The job is to find each line in the entries holding the string "wenselijk" and copy that line.

The data —
:::::

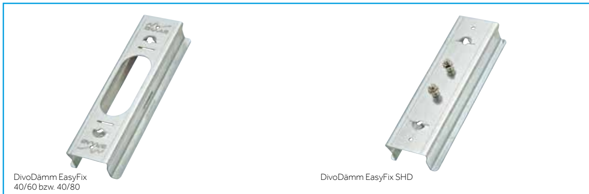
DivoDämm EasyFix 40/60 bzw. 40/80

:::::

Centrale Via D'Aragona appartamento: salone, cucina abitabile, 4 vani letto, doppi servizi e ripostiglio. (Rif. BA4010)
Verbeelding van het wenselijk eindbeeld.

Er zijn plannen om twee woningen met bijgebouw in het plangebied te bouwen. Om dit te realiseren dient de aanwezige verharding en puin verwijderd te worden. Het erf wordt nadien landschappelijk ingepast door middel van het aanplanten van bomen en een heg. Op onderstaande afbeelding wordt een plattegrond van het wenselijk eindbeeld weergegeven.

:::::

Exercise solution —
Verbeelding van het wenselijk eindbeeld.
Er zijn plannen om twee woningen met bijgebouw in het plangebied te bouwen. Om dit te realiseren dient de aanwezige verharding en puin verwijderd te worden. Het erf wordt nadien landschappelijk ingepast door middel van het aanplanten van bomen en een heg. Op onderstaande afbeelding wordt een plattegrond van het wenselijk eindbeeld weergegeven.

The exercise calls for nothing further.